------ INPUT DATA
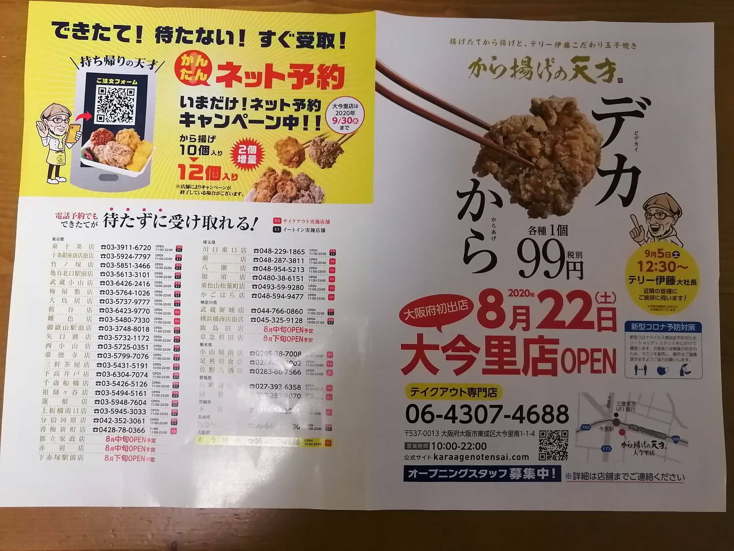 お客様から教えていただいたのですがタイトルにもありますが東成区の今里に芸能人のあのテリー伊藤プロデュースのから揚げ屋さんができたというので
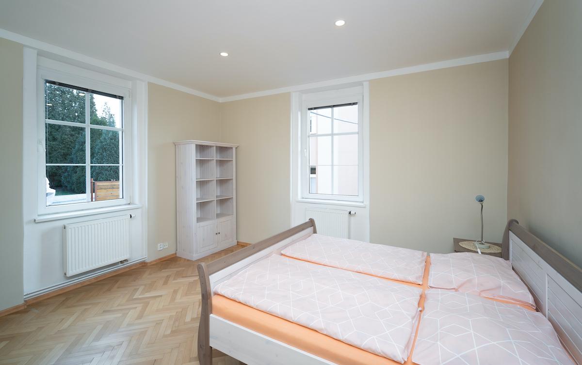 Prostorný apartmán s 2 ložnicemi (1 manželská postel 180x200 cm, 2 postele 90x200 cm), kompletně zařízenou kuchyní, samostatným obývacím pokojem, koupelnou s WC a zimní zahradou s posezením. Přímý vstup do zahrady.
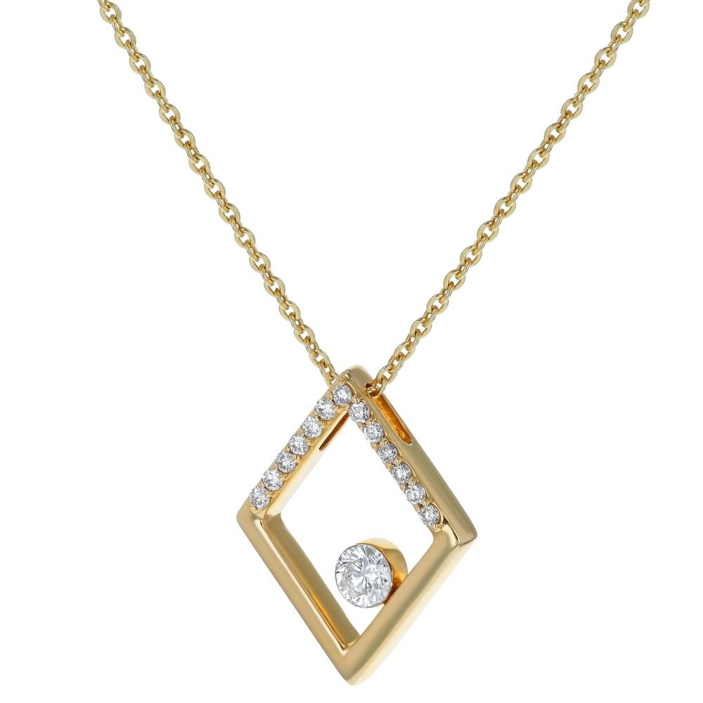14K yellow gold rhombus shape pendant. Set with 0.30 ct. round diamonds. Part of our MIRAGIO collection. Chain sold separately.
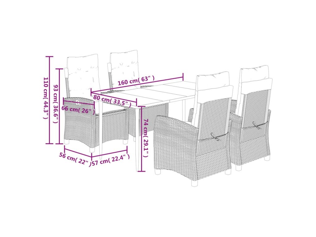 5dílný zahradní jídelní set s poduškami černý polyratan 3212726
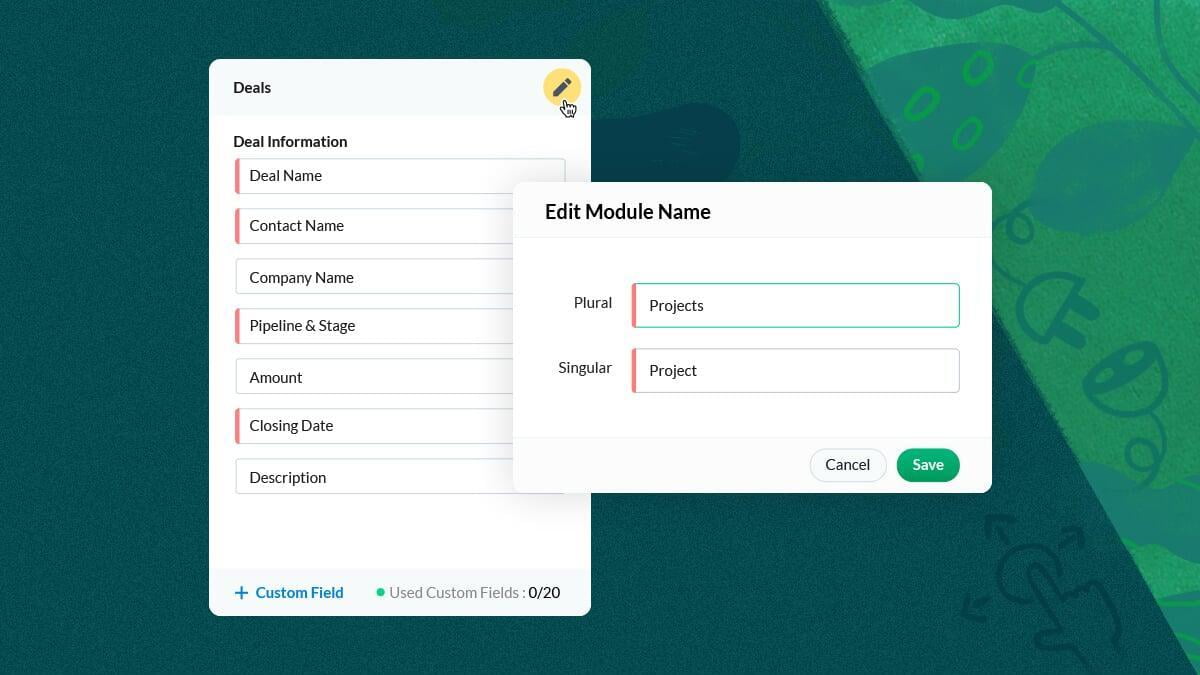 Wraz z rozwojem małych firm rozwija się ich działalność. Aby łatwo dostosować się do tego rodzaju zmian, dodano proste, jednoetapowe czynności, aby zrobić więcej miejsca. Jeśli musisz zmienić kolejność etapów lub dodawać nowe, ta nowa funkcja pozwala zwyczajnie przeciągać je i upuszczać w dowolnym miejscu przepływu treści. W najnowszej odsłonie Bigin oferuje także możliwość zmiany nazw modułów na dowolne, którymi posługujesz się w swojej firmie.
------------
• ASSIGNMENT:
From the line containing "Prostorný apartmán s" through the last line of the records, both included, output those lines exactly and nothing else; skip the pictures.

• RESULT OF THE EXERCISE:
 Prostorný apartmán s 2 ložnicemi (1 manželská postel 180x200 cm, 2 postele 90x200 cm), kompletně zařízenou kuchyní, samostatným obývacím pokojem, koupelnou s WC a zimní zahradou s posezením. Přímý vstup do zahrady.
14K yellow gold rhombus shape pendant. Set with 0.30 ct. round diamonds. Part of our MIRAGIO collection. Chain sold separately.
 5dílný zahradní jídelní set s poduškami černý polyratan 3212726
 Wraz z rozwojem małych firm rozwija się ich działalność. Aby łatwo dostosować się do tego rodzaju zmian, dodano proste, jednoetapowe czynności, aby zrobić więcej miejsca. Jeśli musisz zmienić kolejność etapów lub dodawać nowe, ta nowa funkcja pozwala zwyczajnie przeciągać je i upuszczać w dowolnym miejscu przepływu treści. W najnowszej odsłonie Bigin oferuje także możliwość zmiany nazw modułów na dowolne, którymi posługujesz się w swojej firmie.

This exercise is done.